I first encountered Haply in 2020, when I was CTO at ForceN Robotics. I remember trying the first generation of what would become their now world-recognized Inverse3 device.
It was immediately addictive. Not in a gimmicky way — but in the way great tools are. Interacting with a 3D digital world felt intuitive, almost obvious.
Even then, the Haply Leadership team had a clear ambition: solve the bottleneck at the intersection of Physical AI and Spatial Computing. If you can compress the gap between human intuition and machine execution, you don’t get incremental gains — you get a step-function change in robotics productivity.
Six years later, one thing is still true: robots still struggle to manipulate objects.

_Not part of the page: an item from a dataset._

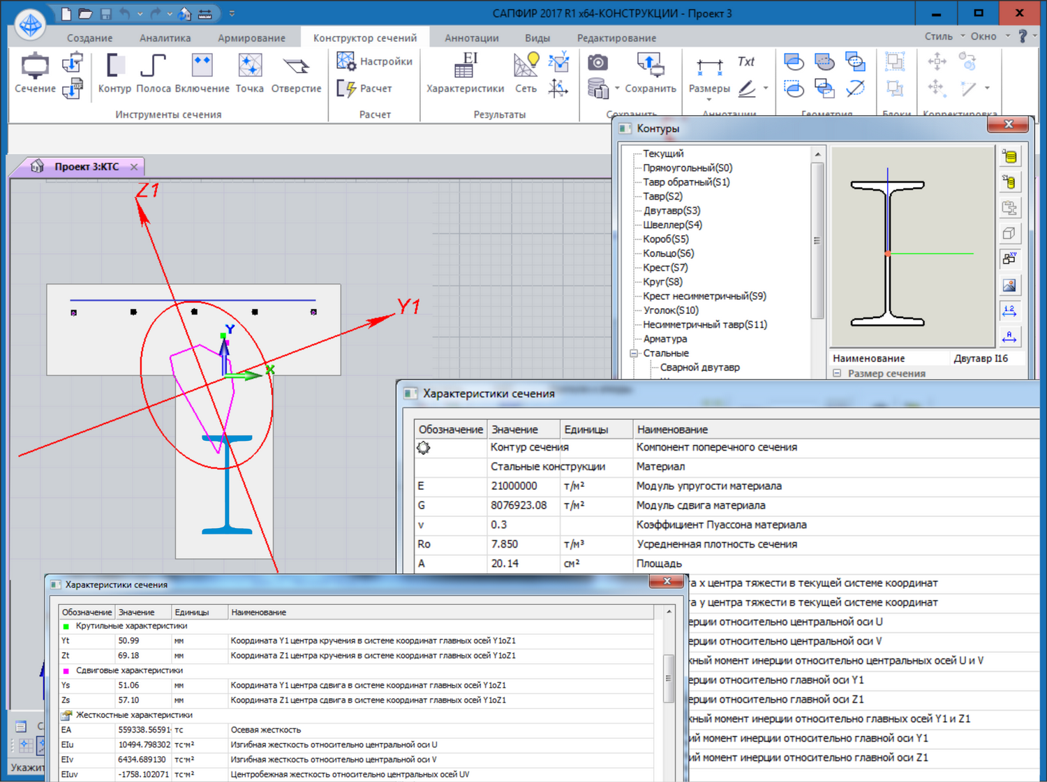 Stiffness parameters are calculated: bending, torsional, shear, warping, for mono and multi-material arbitrary sections. Sections may be solid, thin-walled and combined. The strip elements and rolled sections are taken into account. When forces on sections are defined, the stresses (normal, tangential, equivalent) in the section are calculated according to different criteria of strength.

For humans, grasping, repositioning, adjusting force — these are reflexes. In robotics, this remains one of the core constraints in advancing the field. We’ve made great strides in using videos to learn human motion, capturing how people move and interact with the world. Yet even an average person can see that the motions of robots remain slow and awkward. Teaching robots intuitive control at scale is still unsolved.
Vision can tell a robot where things are, Haply tells a robot how they should feel and move. That’s the reflex layer that transforms manipulation from guesswork into skill. This will allow robots to move with precision and speed - two important aspects of productivity.
Whoever defines this reflex layer will shape the trajectory of physical AI.
Haply has quietly become the leader in three critical areas:
- The standard interface for teaching robots new skills
- The “touch” validation layer for simulated worlds
- The most intuitive bridge between human intent and machine action
Among Tier 1 robotics customers, the consensus is consistent: Haply’s platform is best-in-class in both intuition and scalability.
But technology alone doesn’t build a category.
What has impressed me over the past five years is the team’s deliberate approach to building their platform. World-class robotics platforms require more than elegant hardware and clever software — they require deep customer empathy and the discipline to ship value inside complex systems.
The Haply team understood early that the goal wasn’t to build impressive demos. It was to change behaviour at scale.
There were moments when some skeptics (rightfully) questioned their decision to work across multiple applications instead of narrowing into one vertical. It looked harder. It was harder. But it was intentional.
They chose a platform-first strategy over a task-specific one.
That conviction is now paying off. Years of iteration across customers have resulted in something rare: the most intuitive control and learning layer for digital-physical systems.
The Inverse3x controllers and Miniverse only demonstrate the surface of their capability. Underneath, Haply is building something deeper — closing the loop between sensing, simulation, and real-world action.
In a world dominated by vision-based robotics, Haply is pushing the industry forward by standardizing manipulation not through prompts or Cartesian commands, but through human reflex.
That is why Two Small Fish is proud to back Haply alongside Sound Media Ventures, Amazon, Hanwha, Business Development Bank of Canada, and Hustle Fund.
We believe the reflex layer of robotics will define the next decade of physical AI — and Haply is building it.